Валентин Юмашев – журналист, руководитель Администрации Президента (11 марта 1997 г. — 7 декабря 1998 г.) 
. Они пытались ввести – но это не прижилось – радиообращение. Были такие радиообращения. Поскольку Борис Николаевич неважно себя чувствовал и лучше было бы не показывать его на экране, а использовать радио. Ну, тут, конечно, сразу все придумали: да у нас в селах радиоточки, да бабушки наши слушают радио, женщины слушают радио, давайте радиообращения! В американской практике такое использовалось, действительно, но, кстати, сейчас не используется. И Клинтон потом отказался. Буш-младший тоже не использовал. Будут радиообращения. Мы, правда, сразу сказали, что, ребята, не приживется у нас радиообращение. В свое время, еще в 1990 году, 1991-92-й, все отказались от этих проповедей, которые были во всех учреждениях, в высшей школе и на предприятиях, – занятий в системе политпросвета. И это такая идиосинкразия была в обществе на все вот эти вот проповеди, что никто радио-то слушать не будет. Лучше картинка. Если не можем картинку, давайте не будем вообще тогда этого делать. Нет, будем, Людмила Григорьевна! Ну, давайте будем. Радиообращения, по-моему, просуществовали месяцев 7 или 8, чуть больше полугода. И вот одно из радиообращений на 7 ноября как раз писали, Юмашев Валентин Борисович прислал замечания: эту фразу убрать, напишите – не ходите на демонстрации, а квасьте капусту. Я говорю: я не буду это писать. Я не буду эту писать глупость! Ну, кто когда хочет, тогда и квасит. Ну, потом, подождите, мы все время спорили с Татьяной Борисовной, она говорит: «Папа так любит говорить». И я ей все время говорила: «Таня, для вас он папа, а вот для всех этих граждан, которые там, за окном, он Президент Российской Федерации. У президента свой стиль, свой язык, все свое, все другое. Он за столом у вас на кухне может говорить о чем угодно и каким угодно языком, но только не туда. Ну, послушайте других. Если вы не хотите нас слушать, послушайте президента американских штатов, послушайте этих европейских, там, лидеров, как они говорят». Я говорю: «Я не буду». Пришла, он меня вызвал к себе, Юмашев: «Людмила Григорьевна, надо написать». Я говорю: «Валентин Борисович, пишите сами, вот свой рукой вписывайте, и пусть он это рассказывает. Я под таким текстом не подпишусь. Я не буду это писать». Потому что при всем при том опыт мой работы с Борисом Николаевичем был в несколько раз больше, чем у Валентина Борисовича. Я говорю: я не буду. Ну не будешь – давай, до свидания.
 
 – Тем не менее после этого эпизода вы еще три года работали в Кремле?

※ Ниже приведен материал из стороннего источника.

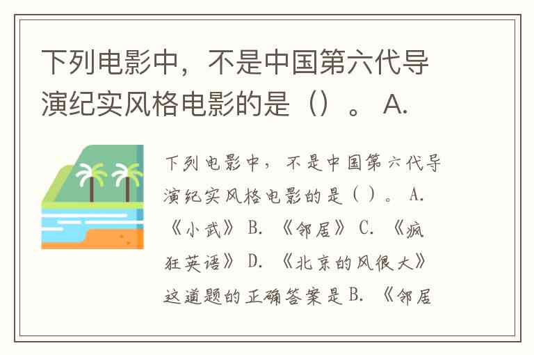 因此,虽然《邻居》也是一部极具纪实风格的经典之作,但它出自第四代导演之手,并非题目所问的“中国第六代导演”的作品。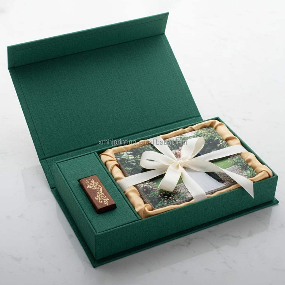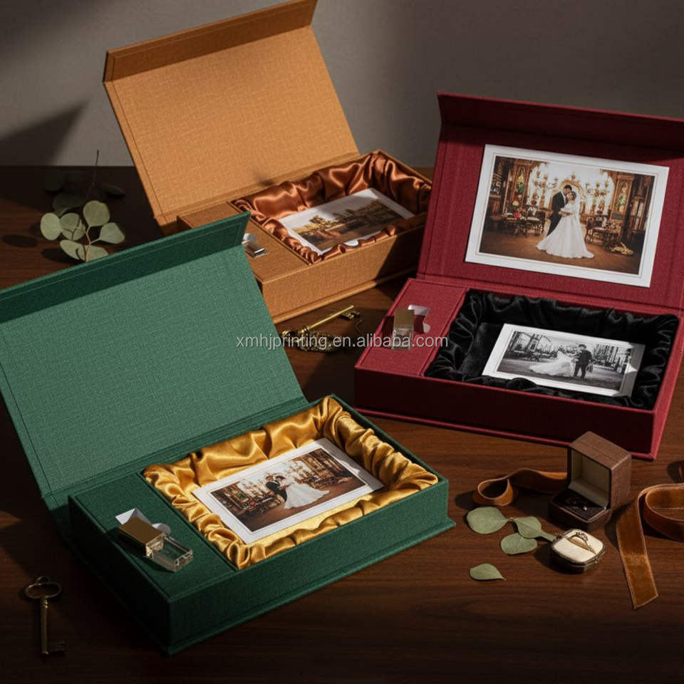Boîte-cadeau USB de mariage en lin de luxe personnalisée Couverture en lin Album photo Photos et stockage USB pour photographie

Да, конечно. Мы работали, но рядом с нами уже была Джахан 
Джахан Поллыева – старший референт президента (1997–1998), заместитель руководителя Администрации Президента РФ (май 1998 г. — март 2004 г.), помощник Президента РФ (2004–2012)
, рядом с нами был уже Андрей 
Андрей Вавра – референт Президента РФ (1997–2004) 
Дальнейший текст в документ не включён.